··· INPUT DATA ···

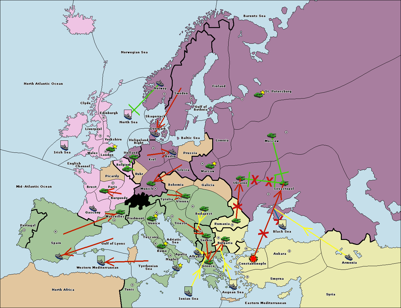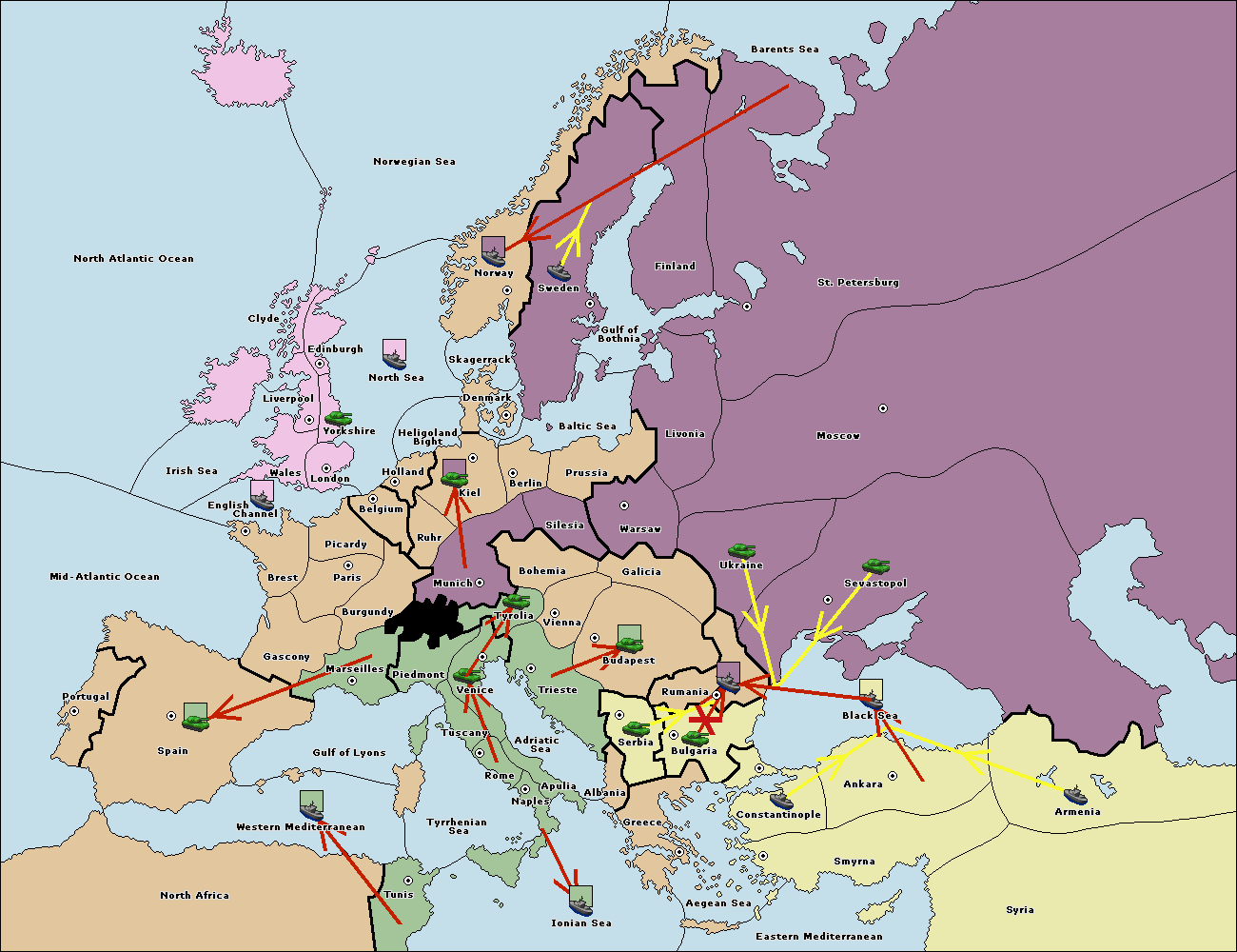 The fleet at Armenia support move to Sevastopol from Constantinople.
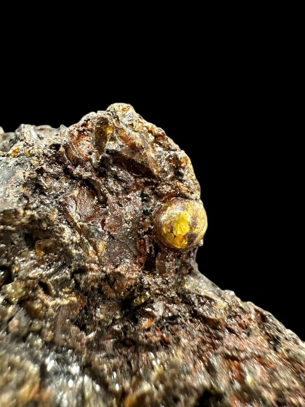 Note: A cluster of olivine crystals can be seen on the surface
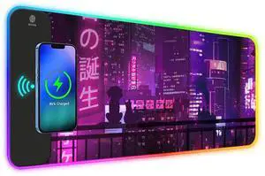 ToLuLu RGB Gaming Wireless Charging Mouse Pad, 15W 10 Light Modes LED Mouse Pad Computer Keyboard Mat Mousepad, 800x300x4MM Extended Large Desk Mat for Gaming, MacBook, Laptop, PC, Neon Purple Sign
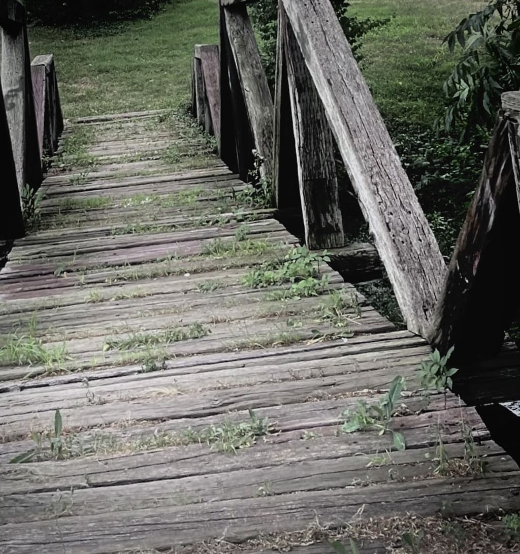 The old wooden slats bend underneath the pressure of their steps
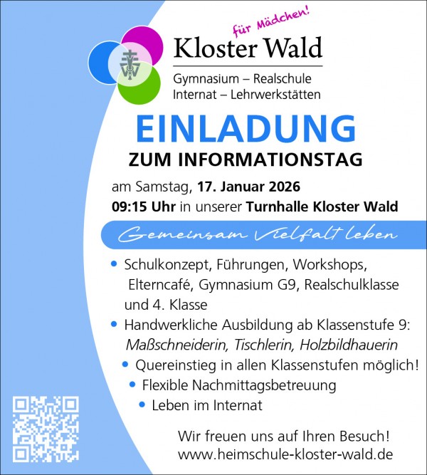 Am Samstag, 17. Januar 2026 lädt die Heimschule Kloster Wald herzlich alle interessierten Schülerinnen und Familien zum Informationstag ein.
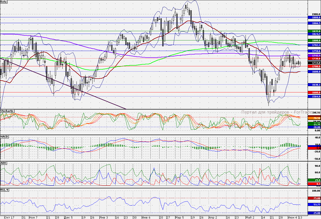 Ближайшие уровни поддержки: 1700,00/1680,00
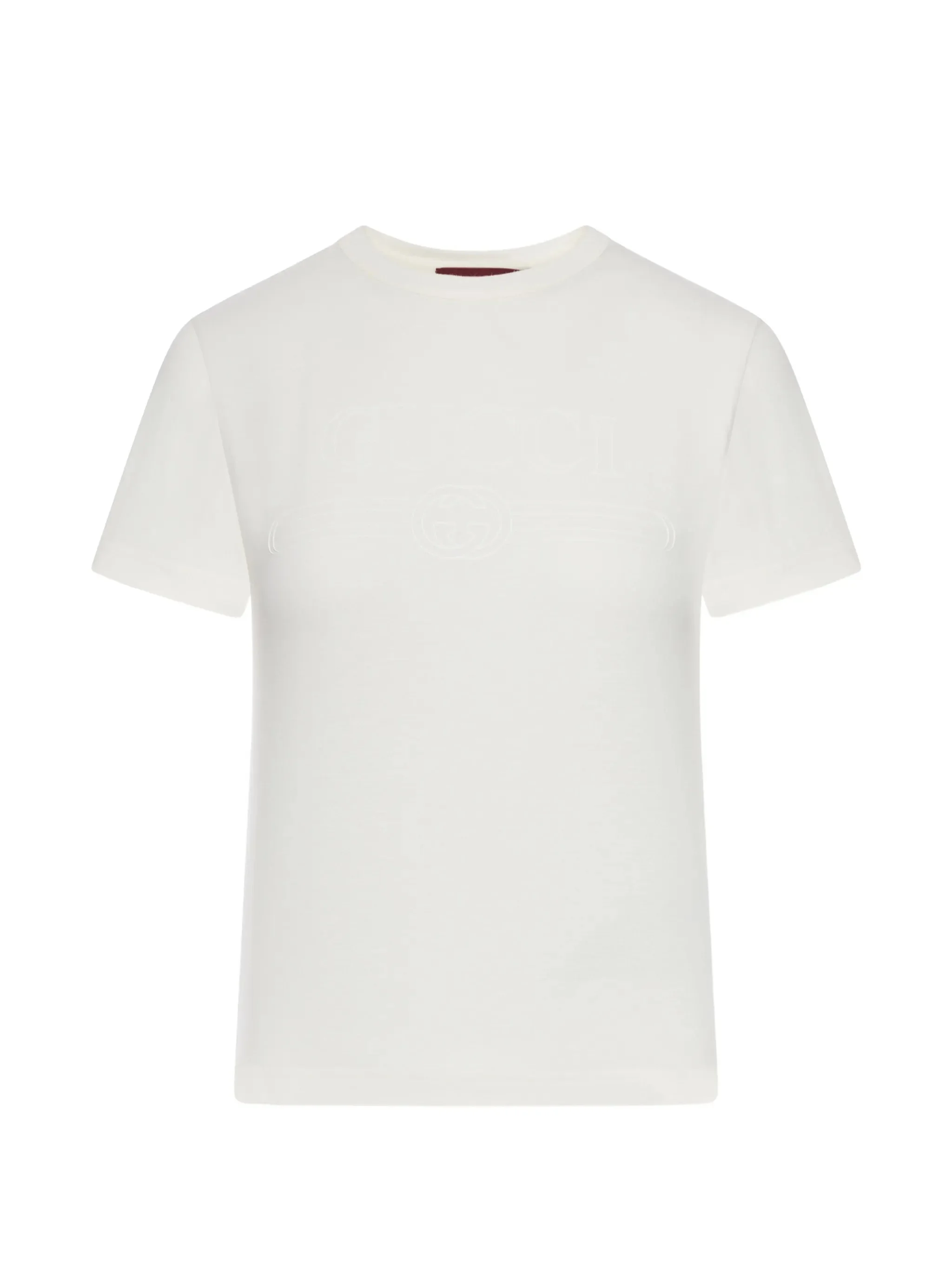milk white logo detail round neck short sleeves - Color: NEUTRALS - Made in: Italy - Designer Style ID: 805285 XJHQ1 9750 Composition and care Cotton: 100.0%
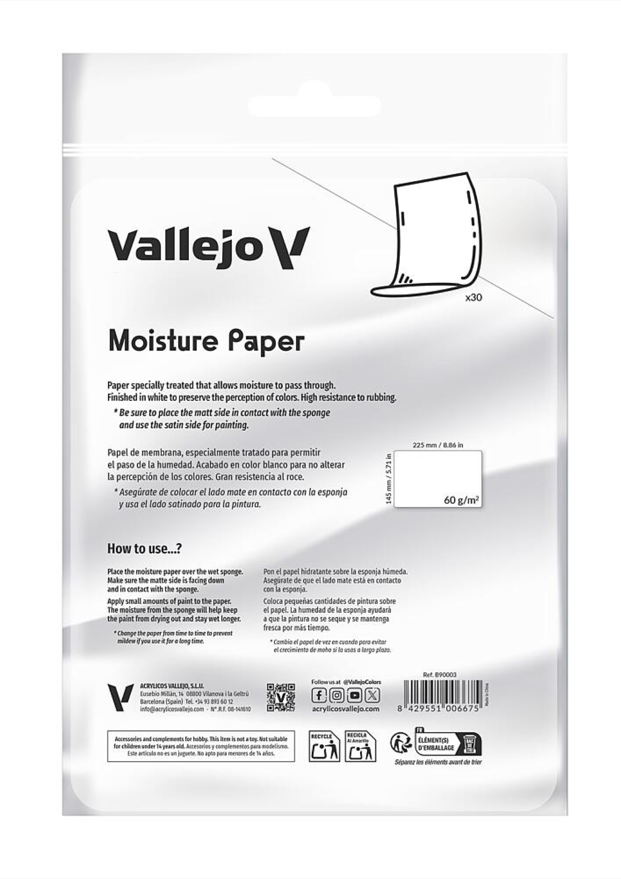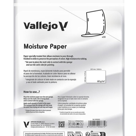 Nachfüllpack für Artikel 709001. 30 x Feuchtigkeitspapier, 225 x 145 mm. Feuchtigkeitsbeständiges Membranpapier. Es ist dünn genug für die Feuchtigkeitsübertragung, aber robust genug, um dem Farbauftrag und der Handhabung beim Farbmischen standzuhalten. In Weiß gehalten, um die Farbwahrnehmung nicht zu verändern. Achten Sie darauf, dass die matte Seite auf dem Schwamm liegt und die satinierte Seite oben.
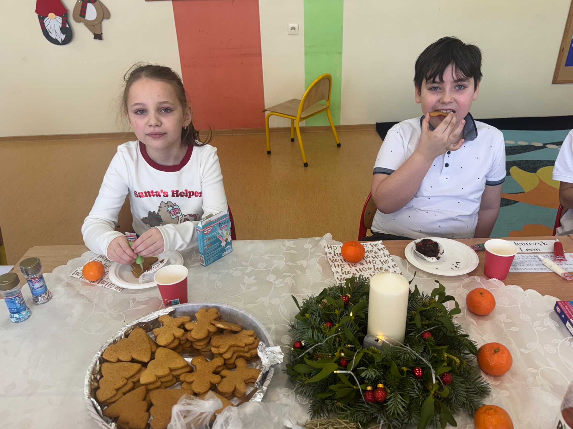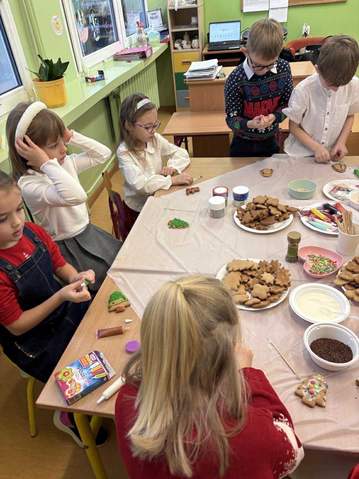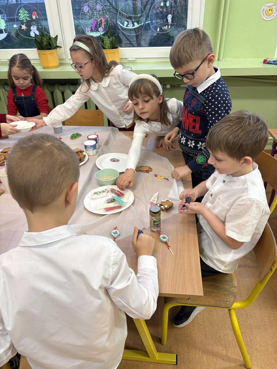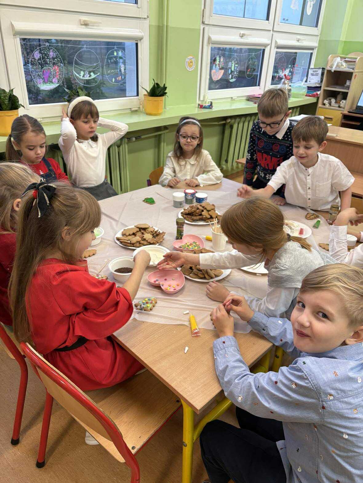 W edukacji wczesnoszkolnej czas przedświąteczny był wyjątkowy i pełen radości 🤍Wspólnie ubieraliśmy choinkę, dekorowaliśmy sale i tworzyliśmy piękne prace plastyczne, które wprowadzały wszystkich w świąteczny nastrój. Dzieci z ogromnym zaangażowaniem dekorowały pierniki, dzieląc się uśmiechem, kreatywnością i dobrym słowem.
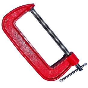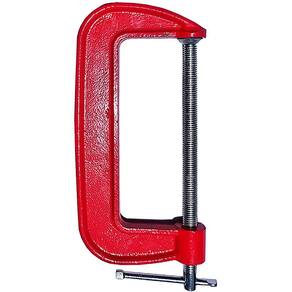 Grampo Sargento 4 Pol. Tipo C em Ferro Charbs. Corpo em ferro fundido, Fuso em aço especial. Utilizado em marcenarias para firmar ou prender peças que necessitem ser trabalhadas ou coladas.
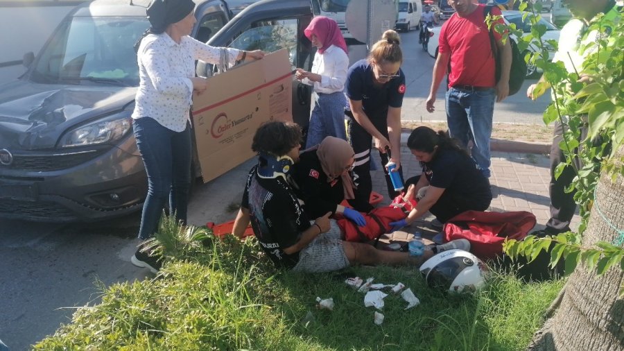Antalya'nın Manavgat ilçesinde hafif ticari araç ile motosikletin çarpışması sonucu meydana gelen kazada motosiklet sürücüsü yaralandı. Yaralanan ve refüjdeki çimlerin üzerine düşen yaralı motosiklet sürücüsünü, çevredeki vatandaşlar ellerindeki kartonla güneşten korunmaya çalışıldı.
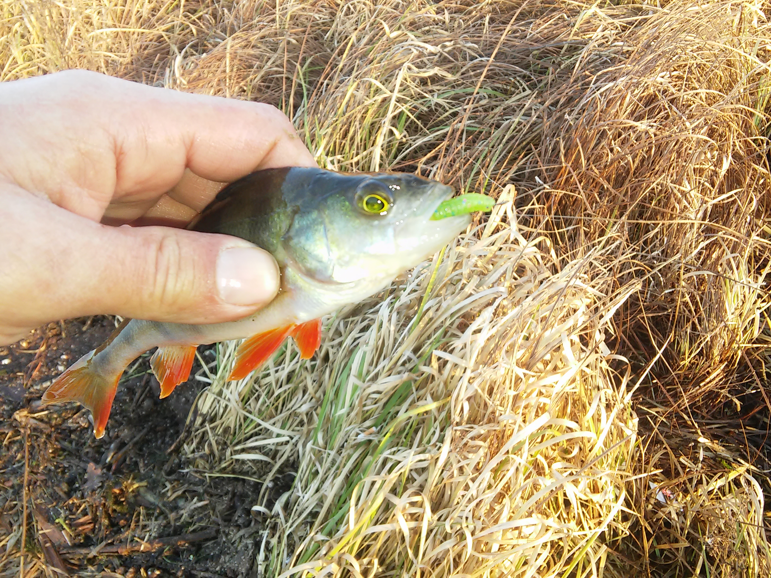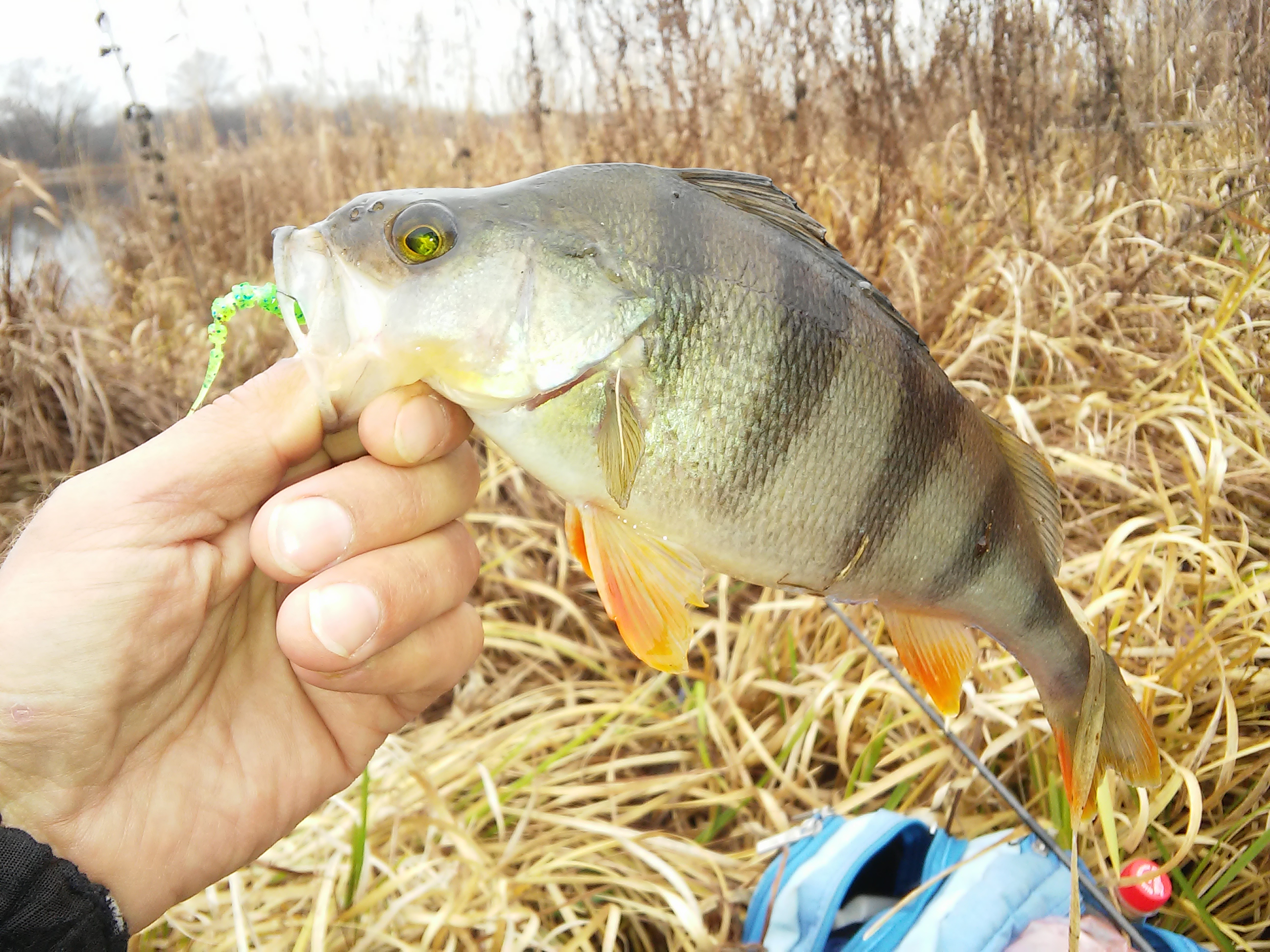 Сегодня с утра терзали смутные сомнения,ехать или не ехать!Температура плюсовая,но обещали ветер,все таки ЕХАТЬ победило.Так как по погоде в ближайшее время одни минуса,может уже скоро выйдем на лед,ну а пока спининг до упора, пока будет жидкая вода.Приехал на рыбное место не рано,около 8-ми,хотя нужно было по раньше,хороший клев был до 10-30.Сегодня поклевки были дерзкие,типа отдай спин,окунь более-менее жирный,но оно и понятно,у каждого второго вместе с моей приманкой торчала тюлька,окунь интенсивно кормился.Работали все мои приманки и все расцветки,разловил новую приманку НАНОМИНОВ,на нее клевали более жирные окуня и очень агрессивно.После пару выловленных окуней,постоянно менял приманки и расцветки,все работало!Лучше наверное работали прозрачные приманки с разноцветными блестками,а может просто я в них больше упирался,в принципе все приманки отработали на отлично!Еще одна отличная рыбалка в этом году состоялась.

···

→ WHAT YOU WILL DO
Pictures do not belong in the copy. Repeat only the lines from the top of the records through the line containing "Nachfüllpack für Artikel".

→ RESPONSE
 The fleet at Armenia support move to Sevastopol from Constantinople.
 Note: A cluster of olivine crystals can be seen on the surface
 ToLuLu RGB Gaming Wireless Charging Mouse Pad, 15W 10 Light Modes LED Mouse Pad Computer Keyboard Mat Mousepad, 800x300x4MM Extended Large Desk Mat for Gaming, MacBook, Laptop, PC, Neon Purple Sign
 The old wooden slats bend underneath the pressure of their steps
 Am Samstag, 17. Januar 2026 lädt die Heimschule Kloster Wald herzlich alle interessierten Schülerinnen und Familien zum Informationstag ein.
 Ближайшие уровни поддержки: 1700,00/1680,00
milk white logo detail round neck short sleeves - Color: NEUTRALS - Made in: Italy - Designer Style ID: 805285 XJHQ1 9750 Composition and care Cotton: 100.0%
 Nachfüllpack für Artikel 709001. 30 x Feuchtigkeitspapier, 225 x 145 mm. Feuchtigkeitsbeständiges Membranpapier. Es ist dünn genug für die Feuchtigkeitsübertragung, aber robust genug, um dem Farbauftrag und der Handhabung beim Farbmischen standzuhalten. In Weiß gehalten, um die Farbwahrnehmung nicht zu verändern. Achten Sie darauf, dass die matte Seite auf dem Schwamm liegt und die satinierte Seite oben.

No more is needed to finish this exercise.